### Material provided

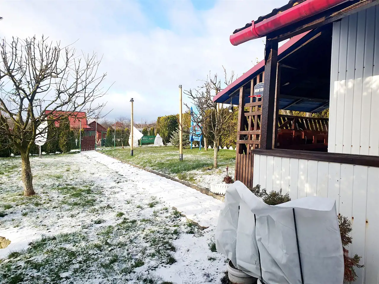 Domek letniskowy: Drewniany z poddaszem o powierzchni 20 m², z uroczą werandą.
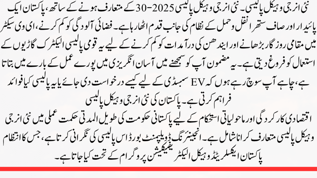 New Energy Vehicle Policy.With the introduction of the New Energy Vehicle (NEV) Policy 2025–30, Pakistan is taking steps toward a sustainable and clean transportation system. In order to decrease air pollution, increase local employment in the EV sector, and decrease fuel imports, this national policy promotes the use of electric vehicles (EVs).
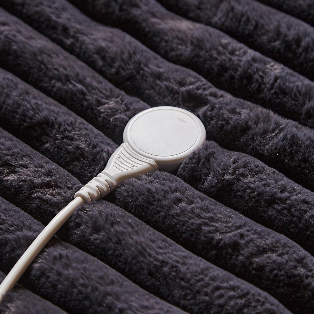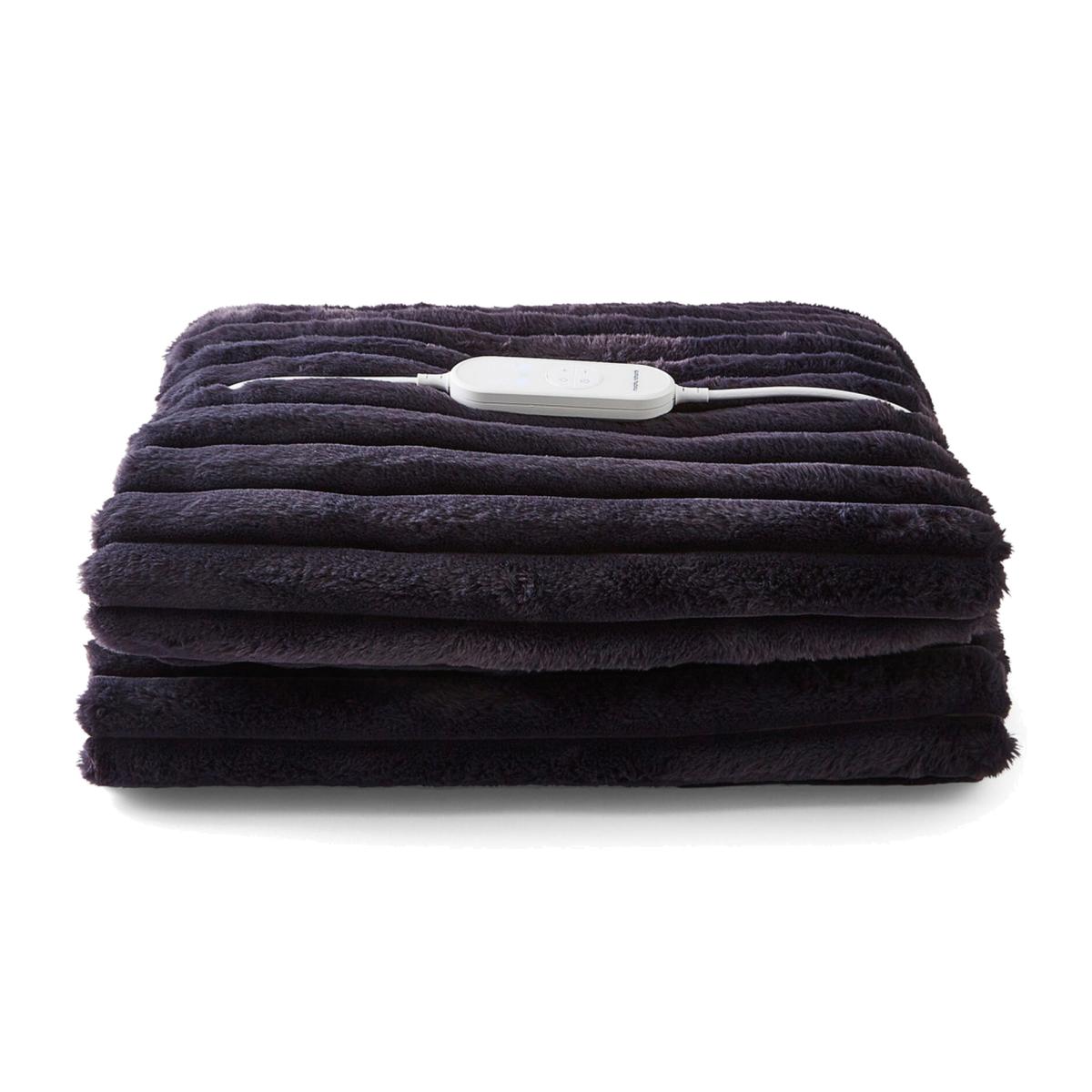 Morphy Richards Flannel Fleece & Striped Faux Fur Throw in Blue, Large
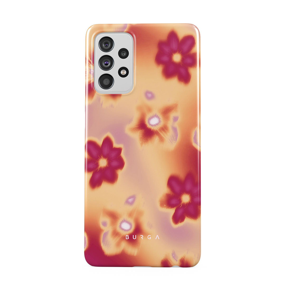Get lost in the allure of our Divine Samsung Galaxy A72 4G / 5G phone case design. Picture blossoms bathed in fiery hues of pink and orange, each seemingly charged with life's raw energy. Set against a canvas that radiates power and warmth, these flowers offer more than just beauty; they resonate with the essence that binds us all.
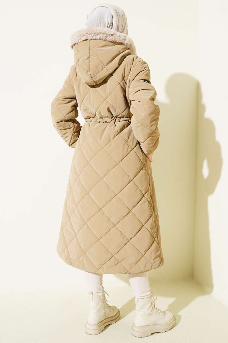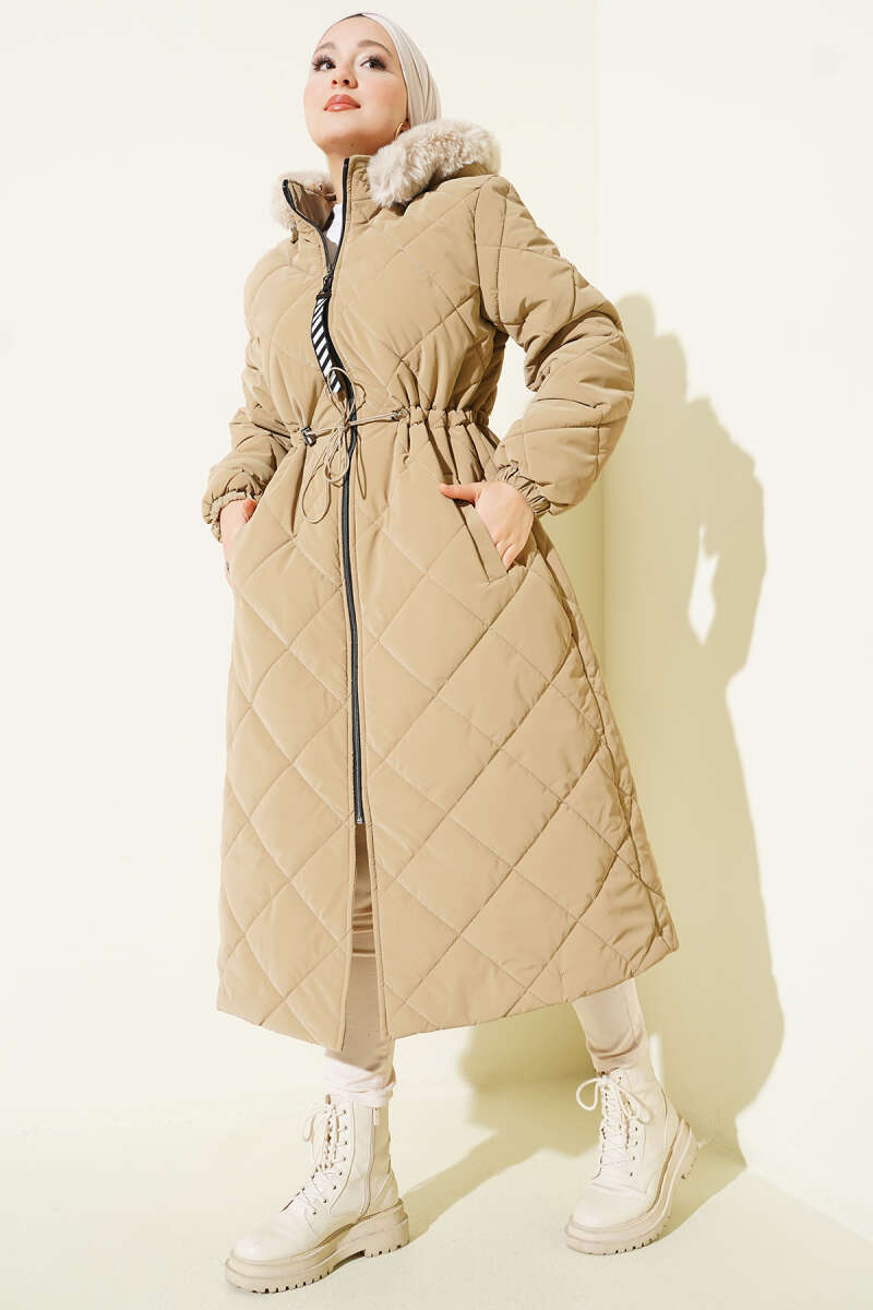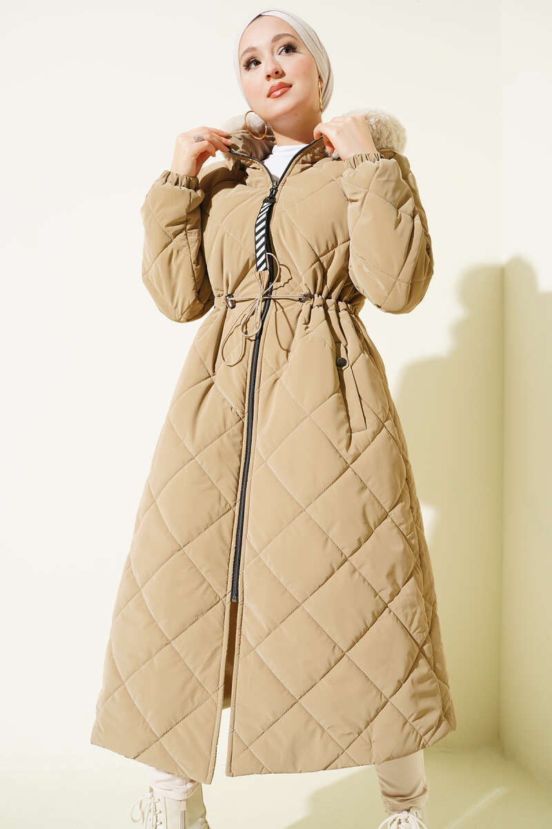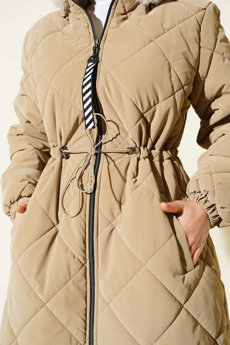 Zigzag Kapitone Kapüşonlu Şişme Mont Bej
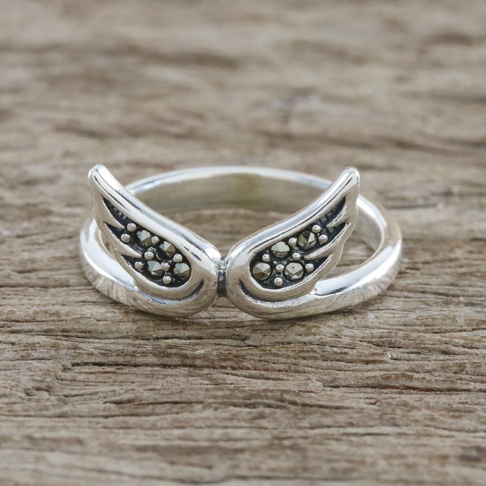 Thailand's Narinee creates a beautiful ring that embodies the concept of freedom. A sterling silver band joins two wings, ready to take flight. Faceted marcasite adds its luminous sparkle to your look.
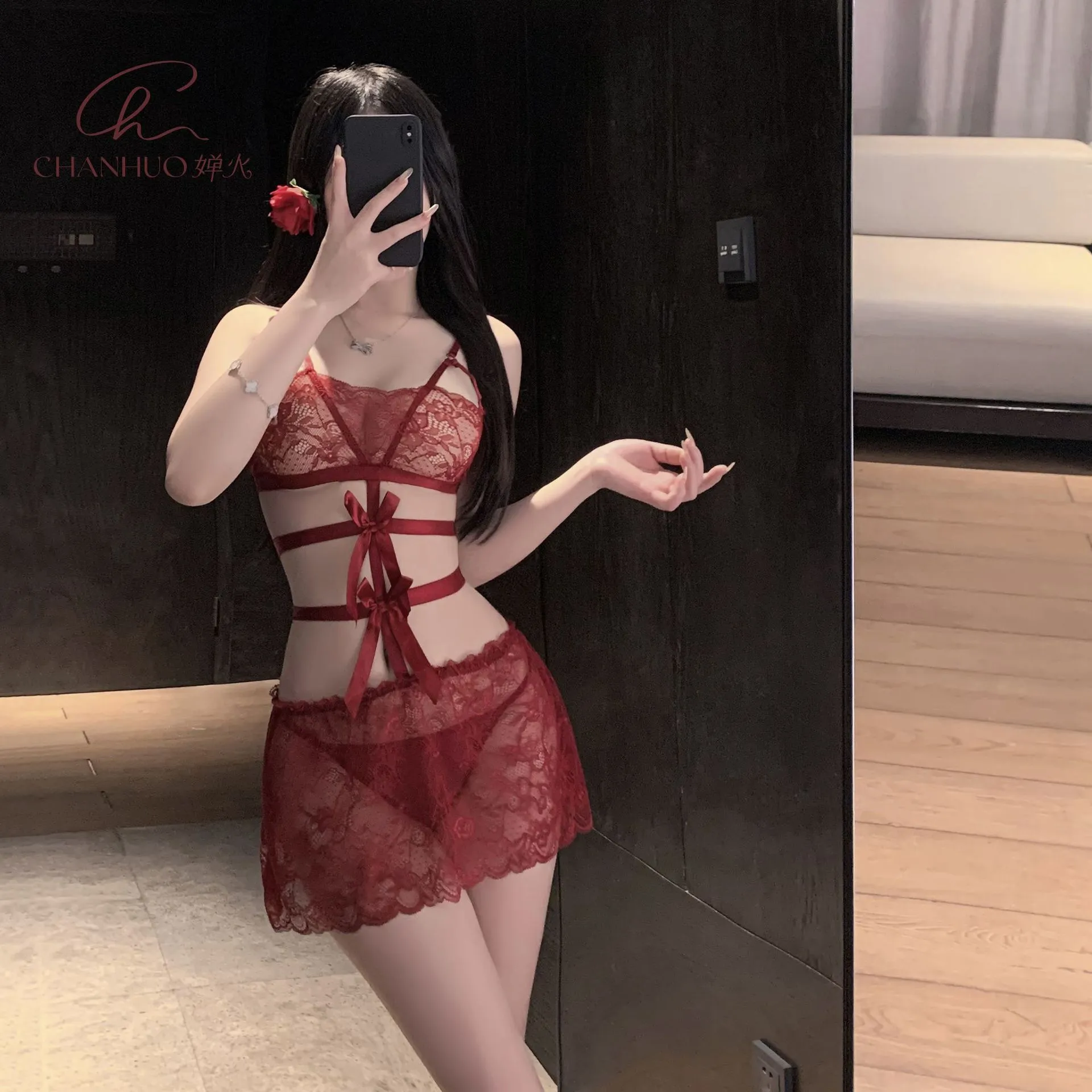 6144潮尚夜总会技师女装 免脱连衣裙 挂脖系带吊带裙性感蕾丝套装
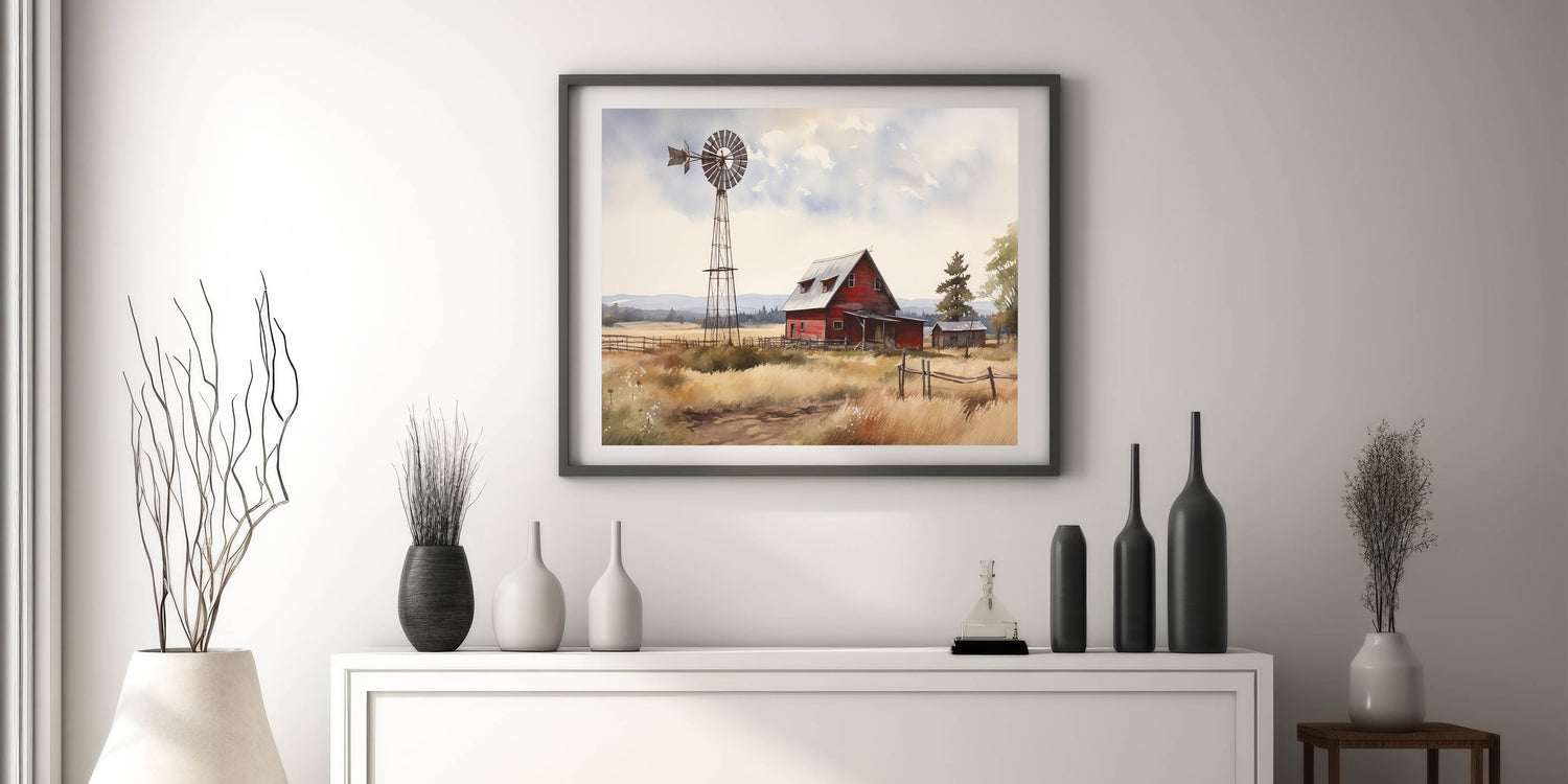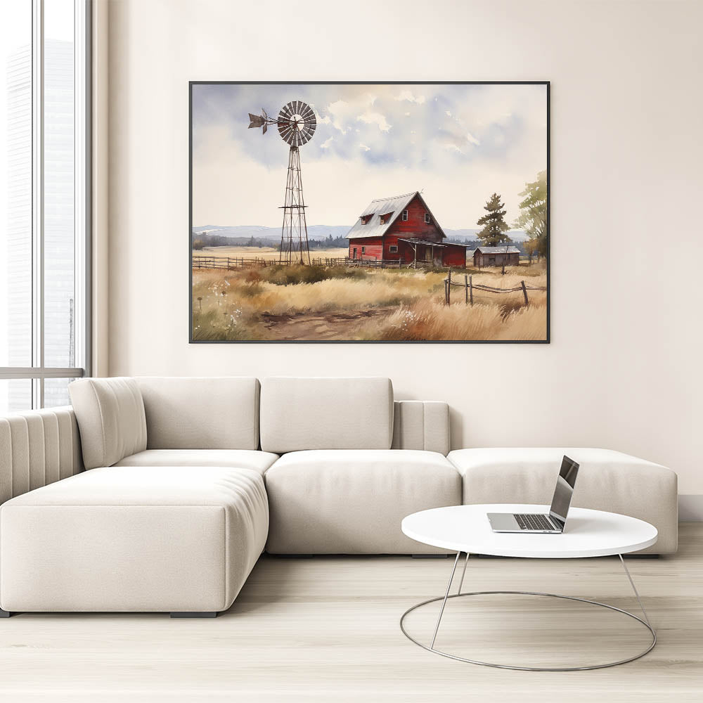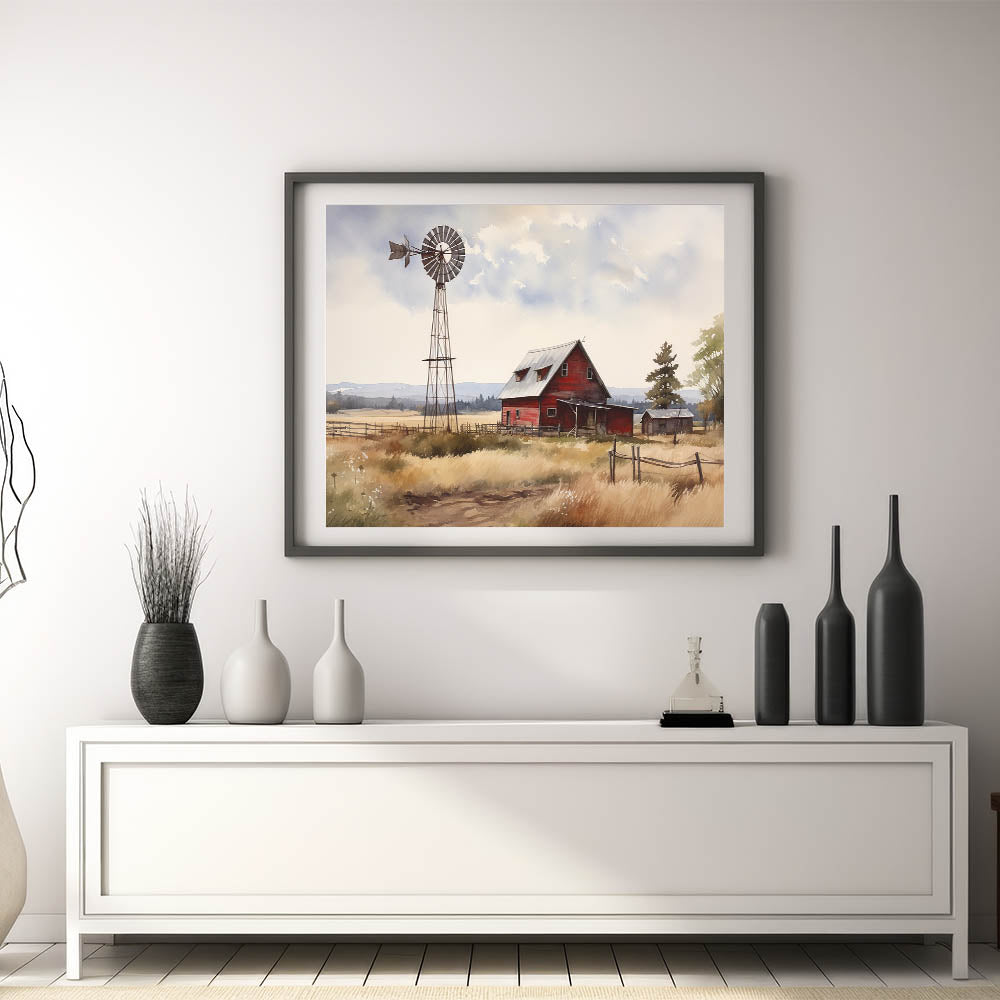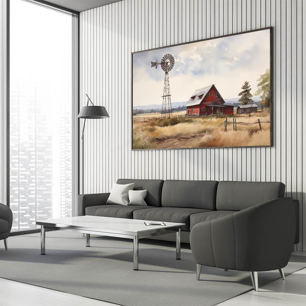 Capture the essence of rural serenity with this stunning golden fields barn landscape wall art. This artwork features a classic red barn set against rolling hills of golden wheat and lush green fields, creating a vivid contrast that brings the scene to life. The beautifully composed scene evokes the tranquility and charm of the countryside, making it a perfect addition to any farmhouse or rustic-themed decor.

### What the task requires
In the material above, retype exactly the lines that run from the one containing "6144潮尚夜总会技师女装 免脱连衣裙 挂脖系带吊带裙性感蕾丝套装" through the last line, and keep out the pictures.

### Answer for the task
 6144潮尚夜总会技师女装 免脱连衣裙 挂脖系带吊带裙性感蕾丝套装
 Capture the essence of rural serenity with this stunning golden fields barn landscape wall art. This artwork features a classic red barn set against rolling hills of golden wheat and lush green fields, creating a vivid contrast that brings the scene to life. The beautifully composed scene evokes the tranquility and charm of the countryside, making it a perfect addition to any farmhouse or rustic-themed decor.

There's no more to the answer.